It is the most inoffensive mode of attack in contemporary football.
Yesterday, Arsenal were tearing into a uniquely weak Man United, occasionally finding space to shoot directly at De Gea – and thus affording lazy journalists their ‘narrative’ of the game as one of resolute defending and ruthless counterattack. Additions from this match to my DVD – working title ‘Arsene’s Greatest Arsenalisations’ – Wilshere who was playing like a coked-up teenager eventually ploughed into Fellaini and seemingly got his ankle broken. Szczęsny smashed up his own ribs by clattering into Gibbs, with the floored and dazed defender then diverting a cross into his own net.
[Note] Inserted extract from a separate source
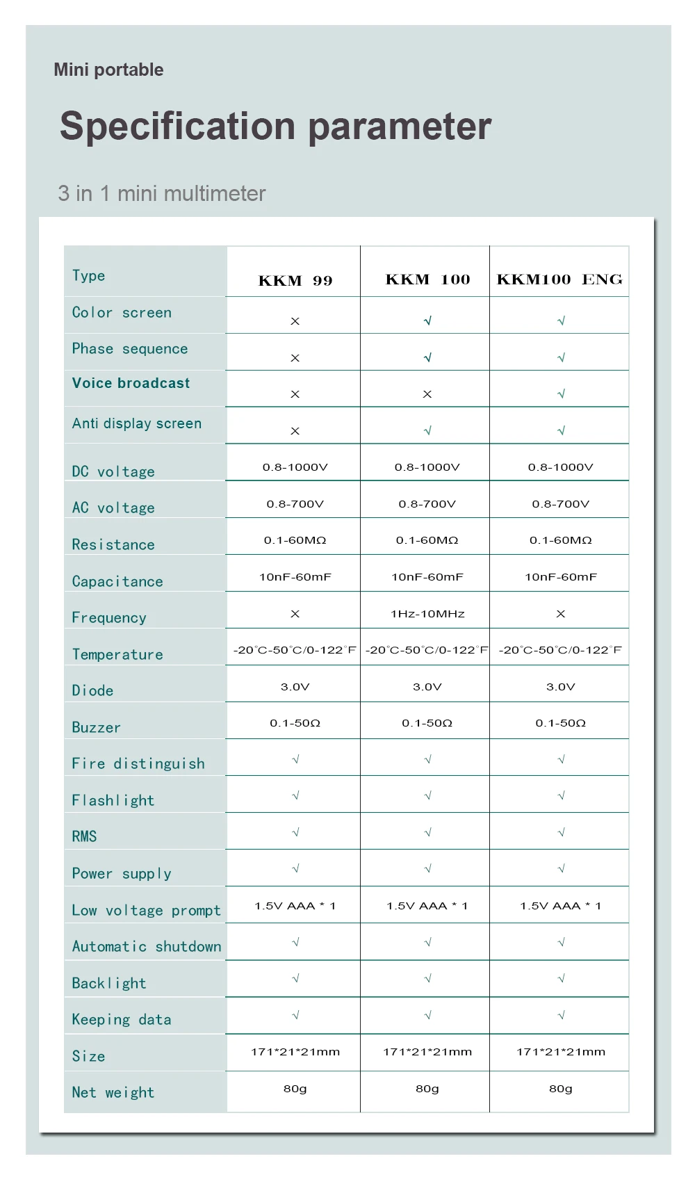 Voice broadcast function: With the auto measurement and auto identification function, also with the voice broadcast function, which is intelligent and convenient.(ONLY KKM100-ENG)
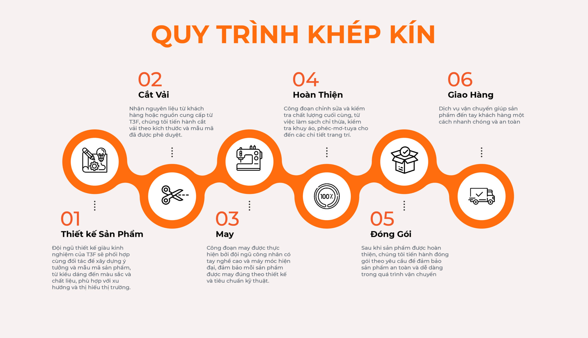 Xưởng may T3F cam kết cung cấp dịch vụ gia công CMPT,FOB chuyên nghiệp, với quy trình sản xuất tối ưu, linh hoạt, và đáp ứng nhanh chóng mọi nhu cầu của đối tác. Chúng tôi đảm bảo chất lượng sản phẩm vượt trội, đáp ứng đầy đủ các yêu cầu kỹ thuật từ cắt may, hoàn thiện đến đóng gói, mang lại giá trị cao nhất cho khách hàng.

The ineluctable modality of the visible: the third chapter of Ulysses begins with the condensed cogitations of Stephen Dedalus’s mind. The material world is inevitably mediated by the eye’s diaphane, so we don’t grasp the substance of the object of our gaze but only its form as conjured by our imagination. Arsene Wenger is football’s philosopher of subjective idealism: the world is only real insofar as he has perceived it; it is the lodestone, the key, to both his rise and of his fall.
So hapless events befalling his side, so recurrent as to feel inevitable are, in Wenger’s reality, merely incidental – insofar as they occur at all:
- Rooney will always score against Arsenal.
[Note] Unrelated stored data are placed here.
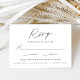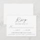 Cartões RSVP de casamento simples e elegantes, com um roteiro preto e manuscrito misturado com cartazes modernos contra um fundo branco. Personalize as placas de RSVP de casamento minimalistas com a data de resposta desejada, o personalizado aceita/declina o texto e as opções de refeição. As cartas de RSVP de Casamentos Brancos e Negros são a escolha perfeita para casamentos modernos.
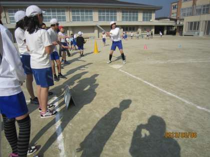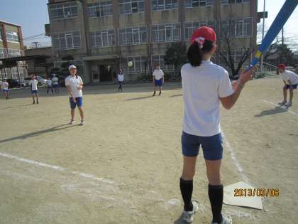 体育のベースボール,最終日です。はじめての子もルールがわかって「走れ〜!」と応援しています。どのチームも協力してがんばれました。
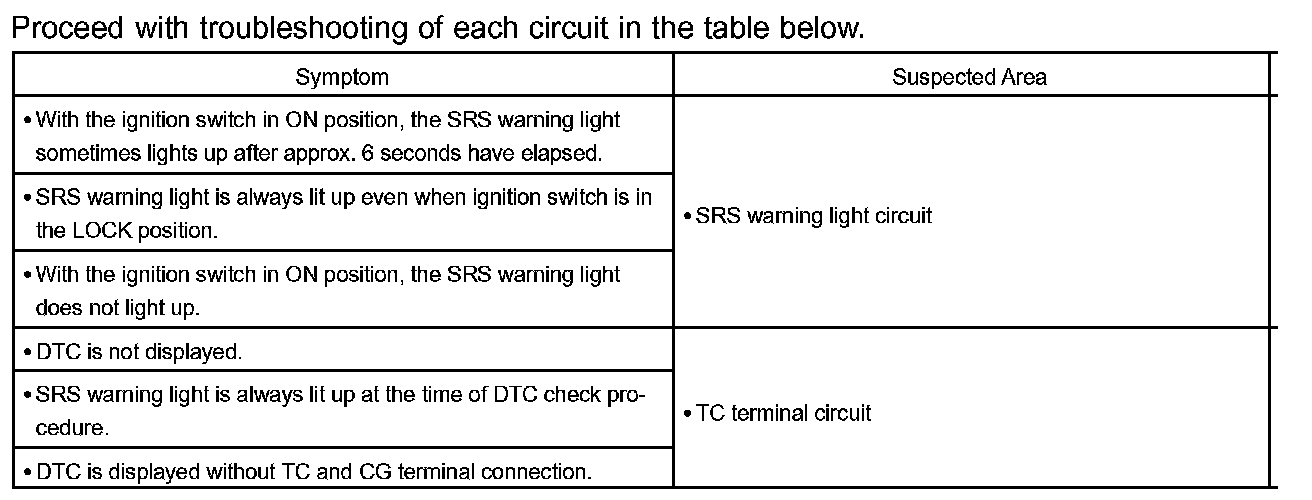 Problem Symptoms Table:
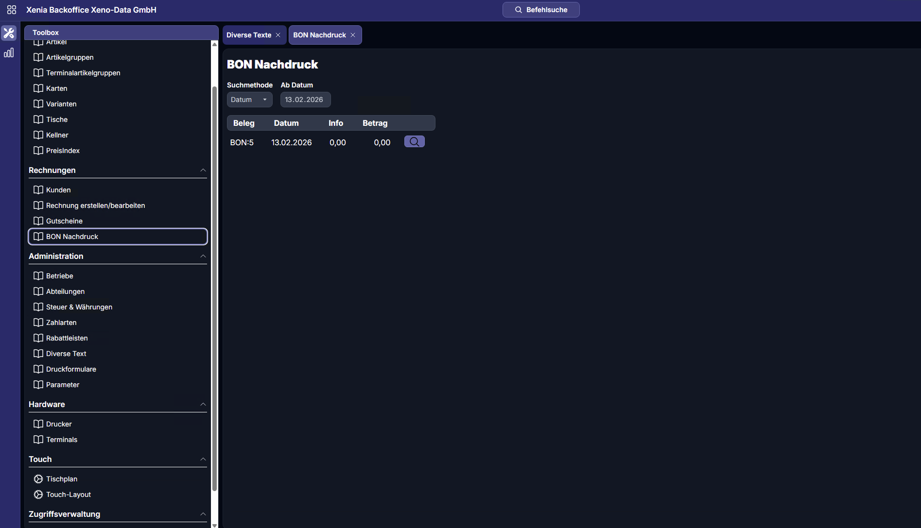 Das Modul BON Nachdruck ermöglicht es Ihnen, bereits abgeschlossene Verkaufsbelege (Bons) zu suchen, einzusehen und bei Bedarf erneut auszudrucken. Dies ist besonders hilfreich bei verloren gegangenen Quittungen oder zur nachträglichen Kontrolle von Transaktionen.
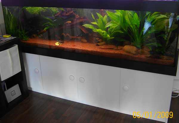 So gegen Weihnachten 2012 war es soweit. Alle Welse waren veräußert und Vati konnte losziehen und einkaufen bzw. online bestellen. Die Entscheidung des Bodengrundes viel auf 100kg Blaubasaltsplit 1-3 mm. Da wir seiner Zeit recht gute Erfahrungen bei den Sulawesigarnelen und Neocaridinas gemacht haben und die Farbe uns gut gefiel, entschieden wir uns, nicht zuletzt des Preises wegen, dafür. Unterhalb des Basaltsplit kam eine dünne Schicht aus Lavasteinen 10-15mm Körnung um für ein wenig Wasserzirkulation zu sorgen.(Hoffe ich)
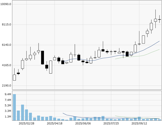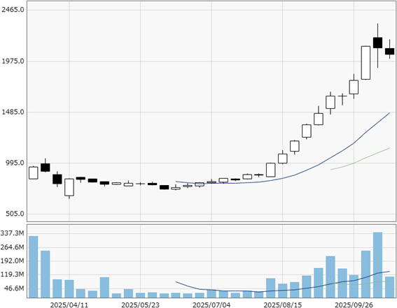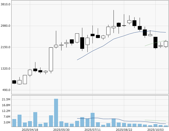 この発表後から、同社のAI向け製品への期待が高まり、株価は上昇トレンドに転換。2025年8月から2025年10月まで株価は上昇が続き、2025年10月7日には2339円まで上値を伸ばしました。
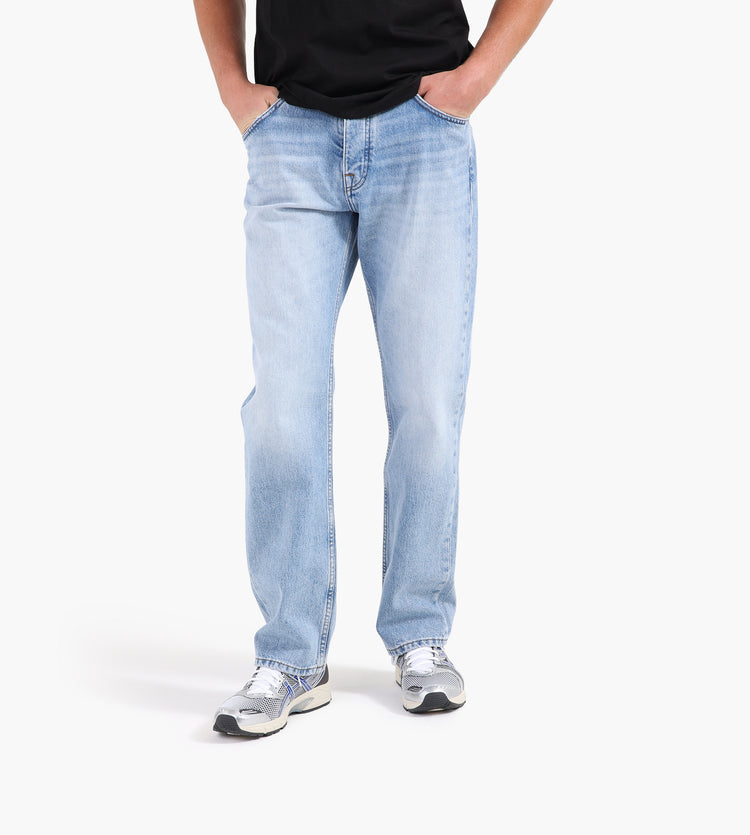The NN.07 Sonny Jeans 1882 in Light Blue Washed are crafted from premium cotton denim, combining a soft hand with a durable build. The lightly washed finish lends a lived-in character, while subtle whiskering and tonal stitching enhance the understated aesthetic.

- Arsenal will not be able to score from a corner.
- Ramsey will shoot over the bar.
- Wilshere will hunker down and run at a crowd of defenders with those flailing arms, fall over and throw nonplussed plea at referee who waves on play.
- Several key players in our small squad will get injured for long stretches of the season. Fringe players on massive salaries inexplicably never get played.
- Players that we have sold will score against us, but it doesn’t work the other way round.
- Goalkeepers will play blinders.
- Stunning free kicks from the most improbable sources will fill our goal.
- Wenger will draw from a compact lexicon during post match interviews: luck, lack of quality, hard to take, mental strength.
- We finish fourth so that we can qualify for the champions league and get eliminated in the last 16.
Post-Highbury Arsenal seems less concerned with winning than wanting to preserve their pride, a search for vindication for methods and techniques which won’t deliver. Like Giroud’s preening celebration of his (very good) injury time goal when they still needed another to get a point. These days they end up with neither.
I am generally obsessed with football, but I lost interest for twice my life, first in the mid-80s and then again in the mid 90s, partly because I had other things on my mind – abortive stint in public school and religion and undergraduate misery – but mainly because Arsenal’s fortunes, in the dogdays of Neill-Howe and George Graham respectively, had become predictable, predictably abject. I realised that my emotional energy could more be efficiently channelled elsewhere. In the mid Twenty-teens, a football sabbatical may once more be in order. My wife would not object.